The photosensitive material 16 and the image receiving paper 40 are wound around the winding ring 48 only at both ends in the width direction. In this manner, the heater 50 is heated while the photosensitive material 16 and the image receiving paper 40 are wound around the winding ring 48, and a heat development process is performed. At this time, the photosensitive material 16 is rotated by rotating the movable shutter 52 disposed near the outer periphery of the heater 50 at a predetermined speed.
And the heating time for the image receiving paper 40 is adjusted to perform the heat development processing. Since the photosensitive material 16 and the image receiving paper 40 are subjected to the heat development process with only the both ends in the width direction wound around the winding ring 48, the heat generated from the heater 50 is formed on the movable shutter 52. The photosensitive material 16 and the image receiving paper 40 can be directly heated through the opening 52A.

In this manner, the photosensitive material 16 and the image receiving paper 40
Is heated to form an image on the image receiving paper 40. The photosensitive material 16 that has been subjected to the heat development processing is wound up by the photosensitive material take-up section 30 and disposed of as waste material. Further, the image receiving paper 40 on which the image is formed is discharged out of the thermal developing device 12, and is conveyed to an apparatus of the next process such as a printing apparatus.

In the heat developing section 46, only the widthwise ends of the photosensitive material 16 and the image receiving paper 40 are wound around the winding ring 48 to perform the heat development processing. The paper 40 can be directly heated. Thus, it is not necessary to provide a heater having a large capacity, the cost required for configuring the heat developing device 12 can be reduced, and the heat development processing can be efficiently performed by the heat generated from the heater 50. it can.

Further, since only the widthwise ends of the photosensitive material 16 and the image receiving paper 40 are wound around the winding ring 48 to perform the heat development process, the photosensitive material and the image receiving paper are brought into contact with a heating drum or a hot plate. There is no need to provide a mechanism for pressing or pressing, and the configuration of the heat developing device can be simplified.

Further, since there is no need to provide a heating drum or a heating plate, the temperature can be easily adjusted to a temperature suitable for the heat development process, and a stable heat development process can be realized without causing uneven development. be able to.

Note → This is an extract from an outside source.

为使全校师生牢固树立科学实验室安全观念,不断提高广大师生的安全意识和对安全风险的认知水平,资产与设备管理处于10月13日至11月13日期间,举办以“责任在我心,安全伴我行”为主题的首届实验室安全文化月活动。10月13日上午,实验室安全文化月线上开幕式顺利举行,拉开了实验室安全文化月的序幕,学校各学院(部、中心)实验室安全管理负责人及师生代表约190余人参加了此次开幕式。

In the present embodiment, the movable shutter 52 provided near the outer periphery of the heater 50 is provided with an opening 52A extending in the width direction of the photosensitive material 16 and the image receiving paper 40. However, the shape of the opening 52A is not limited to this. For example, if the distribution of heat from the heater is not uniform,
A movable shutter that can adjust the distribution of heat generated from the heater to be uniform by forming the opening in a shape matching the distribution of heat or by providing a shield plate or the like is provided. You may.

That is, the heat generating portion 52 of the cylindrical heater 50 generates heat almost uniformly at the middle portion in the longitudinal direction, but the heat generation amount decreases at both ends in the longitudinal direction. For this reason, as shown in FIG. 3A, when the length of the heat generating portion 50A of the heater 50 is set to the heating area,
At both ends of the heating region facing both ends in the width direction of A,
The heating temperature decreases. Therefore, when the longitudinal direction of the heating portion 50A of the heater 50 is arranged along the width direction of the photosensitive material 16 and the image receiving paper 40, and the photosensitive material 16 and the image receiving paper 40 are heated, the width direction of the photosensitive material 16 and the image receiving paper 40 is increased. Is lower than the heating temperature at the center in the width direction.

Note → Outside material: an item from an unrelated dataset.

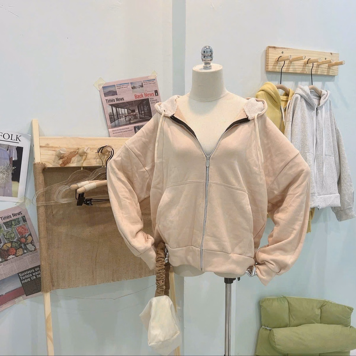Áo Khoác Hoodie Nữ Nỉ Form Rộng Cánh Tay Phối Theo Phong Cách Hàn Quốc Chất Vải Siêu Dày Dặn Hàng Hot Trend-Htm Fashion

In order to prevent a decrease in the heating temperature in a region facing both ends of the heating section 50A of the heater 50, the heating section 50A is longer than the width of the photosensitive material 16 and the image receiving paper 40. It is necessary to heat the photosensitive material 16 and the image receiving paper 40 in a region where the calorific value is uniform using the heating device 50, which results in an increase in size of the apparatus and a decrease in thermal efficiency.

On the other hand, as shown in FIG. 3B, the opening 52A of the movable shutter 52 is
It changes according to the amount of heat emanating from. That is, the opening width at both ends of the heating unit 50A having a low heat amount is made larger than the opening width at the intermediate portion in the longitudinal direction in accordance with the change in the heating temperature.

As a result, the heating temperature at the intermediate portion of the heating section 50A and the heating temperature at both ends thereof can be made substantially the same, and the length of the heating section 50A of the heater 50 can be reduced by the width of the photosensitive material 16 and the width of the image receiving paper 40. The heating temperature of the photosensitive material 16 and the image receiving paper 40 can be made substantially constant even if the length is substantially the same along the direction. Therefore, by uniformly heating the photosensitive material 16 and the image receiving paper 40 along the width direction, it is possible to reliably prevent development unevenness from occurring due to uneven heating temperature.
At 0, an image with high finishing quality can be formed.

In the present embodiment, the case where a far infrared heater is used as the heater has been described as an example.
The invention is not limited to this, and any material that can heat the photosensitive material and the image receiving paper may be used. However, as a photosensitive material, a silver salt photosensitive material having sensitivity in the visible region, UV (ultraviolet) light,
When using a PS plate sensitive to B (blue) light and G (green) light, a thermal photosensitive material sensitive to near-infrared light, etc.,
It is preferable to use a far infrared heater.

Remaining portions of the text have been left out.